Para encerrar, dois belos poemas sobre a importância de Maiakóvski para a vanguarda russa.

O primeiro é da acmeísta Marina Tzvietáieva (1892-1941) e o segundo do seu amigo e colega do cubofuturismo Boris Pasternak (1890-1960), sobre o efeito devastador do suicídio do poeta em maio de 1930.


A Vladímir Maiakóvski 

(Marina Tzvietáieva/tradução de Haroldo de Campos)

Acima das cruzes e dos topos,

Arcanjo sólido, passo firme,

Batizado a fumaça e a fogo –

Salve, pelos séculos, Vladímir!

Ele é dois: a lei e a exceção,

Ele é dois: cavalo e cavaleiro.

Toma fôlego, cospe nas mãos:

Resiste, triunfo carreteiro!

Escura altivez, soberba tosca,

Tributo dos prodígios da praça.

Que trocou pela pedra mais fosca

O diamante lavrado e sem jaça.

Saúdo-te, trovão pedregoso!

Boceja, cumprimenta – e ligeiro

Toma o timão, rema no teu voo

Áspero de arcanjo carreteiro.


A morte do poeta
(Boris Pasternak/tradução Haroldo de Campos)

Não queríamos crer – delírio!

Mas dois, três, todos, incessantes,

O repetiam. Ajustados no trilho

Do instante, estacavam os domicílios

De burocratas e comerciantes.

Áreas e árvores, e no alto sobre os galhos

Corvos no fumo do sol fogo

Ralhavam com esposas-gralhas:


Que não metessem o nariz no pecado

As tolas! Todas ao diabo!

Mas nos rostos, um úmido decomposto

Como nas pregas de uma rede rota.

Um dia inócuo, inócuo, mais inócuo

Que uma dezena de teus dias passados,

No vestíbulo, a turba se coloca

Em fila, premida por um disparo.

Como um jorro de lúcios e de bremas

Achatados, cuspidos das maremas

Pelo estouro de um petardo entre caniços,

Como um suspiro de tiros não-fictícios

O leito armado sobre a maledicência,

Você dormia, agora plácido, em paz.

Vinte e dois anos (*), belo, e a pré-ciência

De tudo isto em teu poema quadriparte!

Você dormia, rosto preso no travesseiro,

Dormia, a plenas pernas, a plenos tornozelos,

Penetrando de novo, de um só golpe,

No fabulário das legendas jovens.

E procurando da maneira mais direta

Porque nele você entrava de um salto.

Teu disparo parecia um Etna

Sobre encostas de covardes e fracos.

* Refere-se ao grande poema A nuvem de calças, composto por Maiakóvski em 1915, aos 22 anos. O poema era dividido em quatro partes. 
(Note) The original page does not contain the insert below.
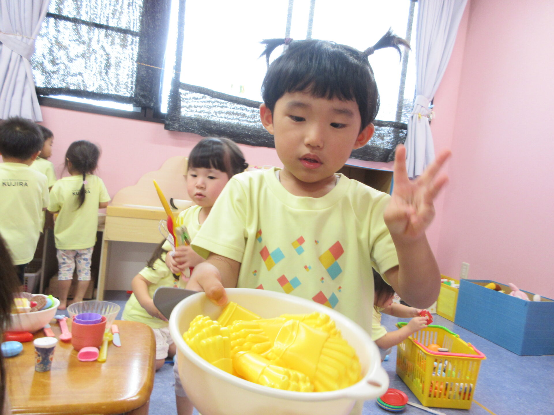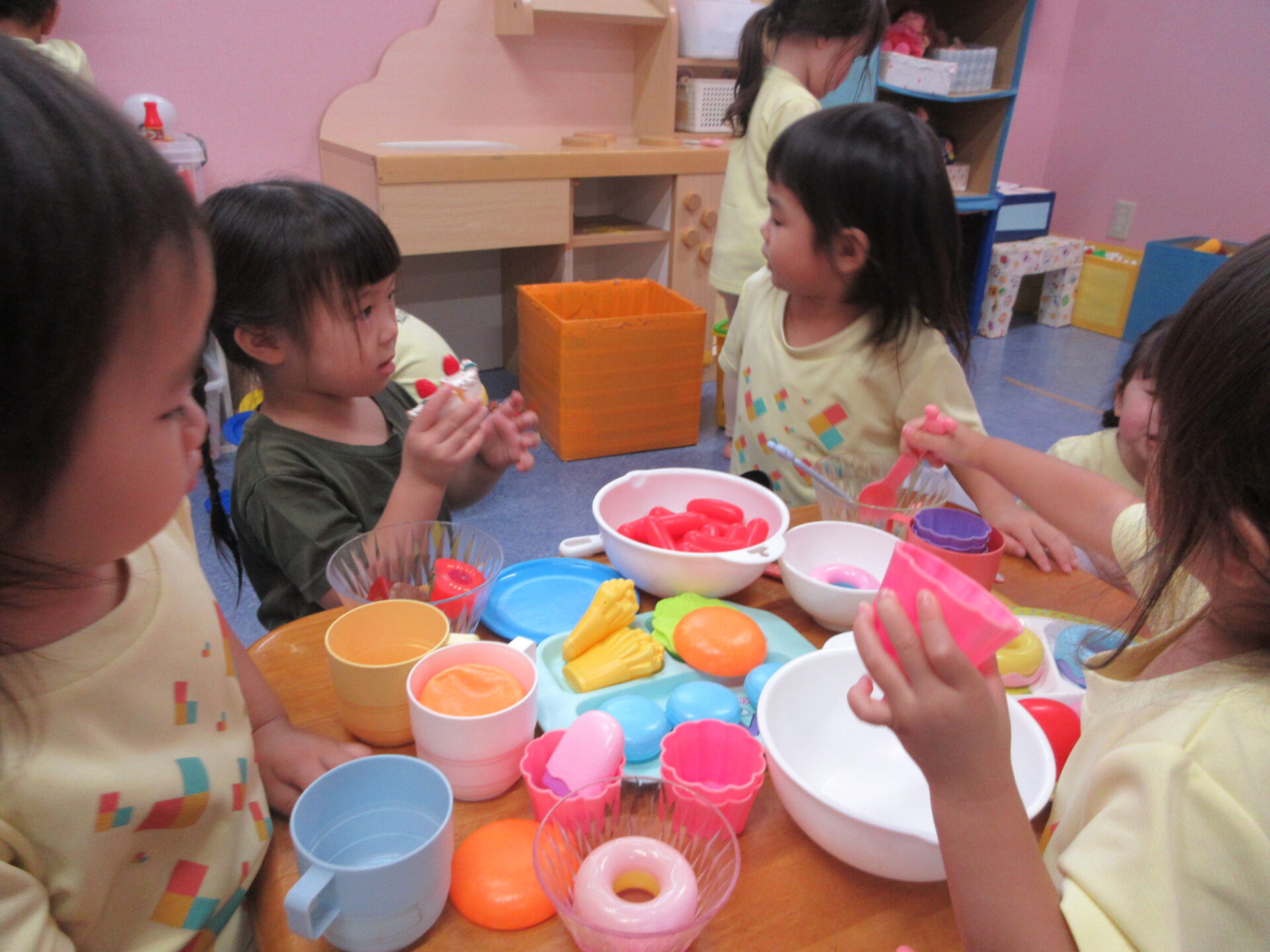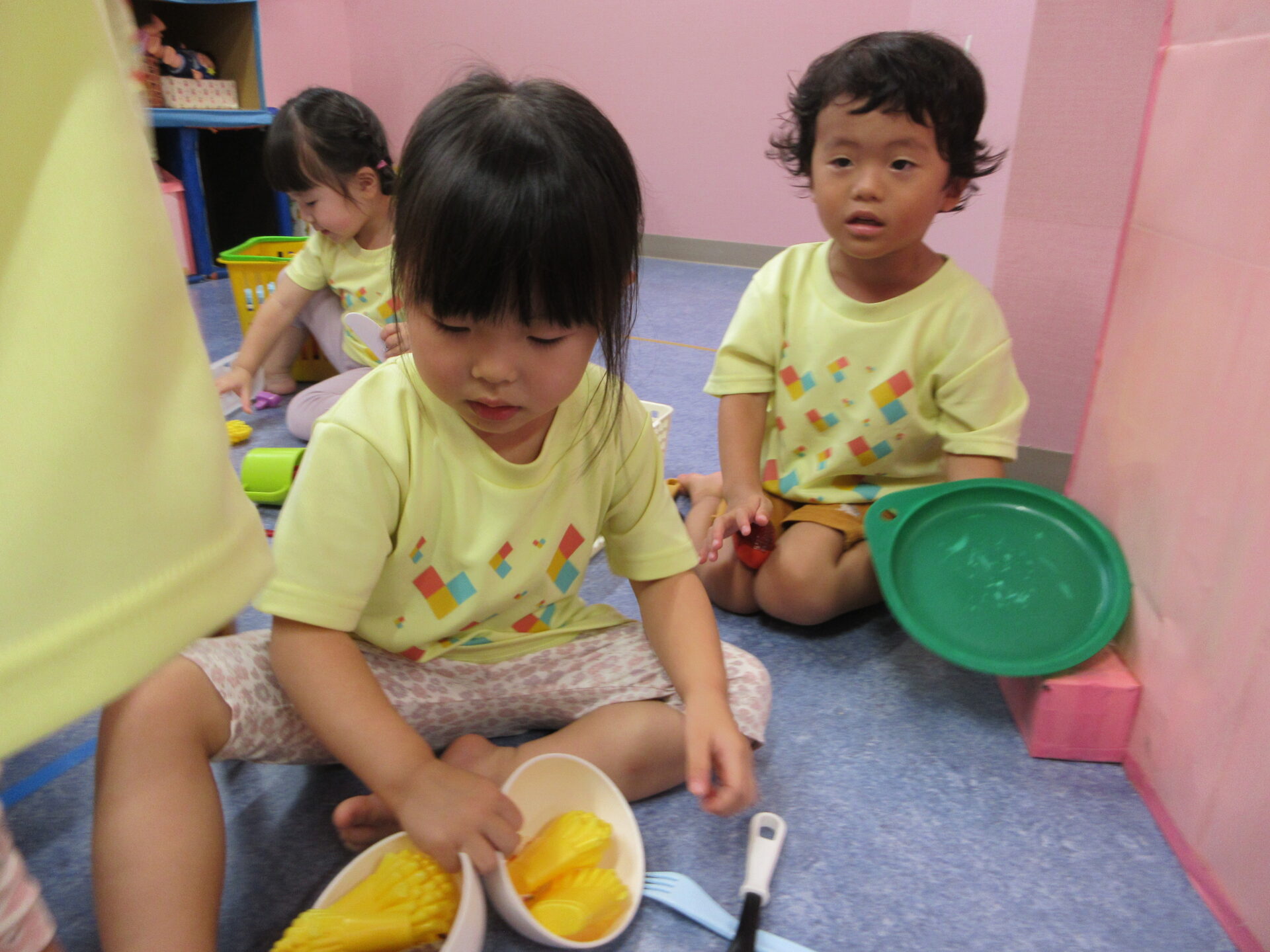 室内で『おままごと』を楽しむ、あめチーム(2歳児)さん😊
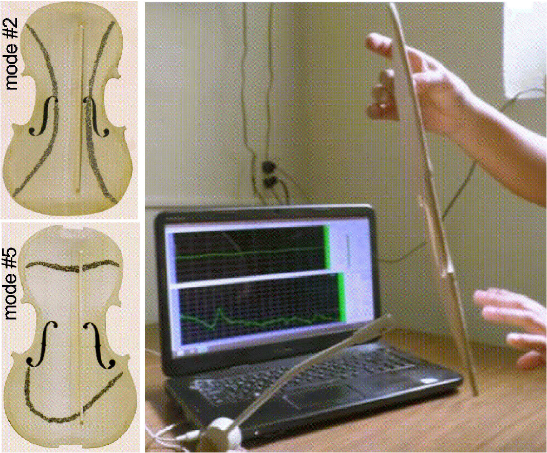 Figure 7. Chladni patterns of the second and fifth free modes of a violin top plate, and experiment to measure the resonant frequencies of a free violin top plate; as it was reported in a thesis of violin making 29.

Maiakóvski morto em maio de 1930

2 comentários:

  1. Lição de que os movimentos culturais não podem se deixar prisioneiro ao movimento político partidário. E que não cabem dentro de ditaduras de esquerda ou direita.

    ResponderExcluir
  2. Concordo plenamente, Edmar. Há também a questão de se confundir as opções políticas dos artistas com o que realizaram. Acho a grandeza de Maiakóvski e de Brecht, como artistas, muitíssimo mais importante do que o fato de terem sido de esquerda. Assim como o que Marinetti, Pound, Fernando Pessoa, Céline pensaram ou realizaram é muitíssimo mais importante do que o fato de terem se identificado com a direita da sua época.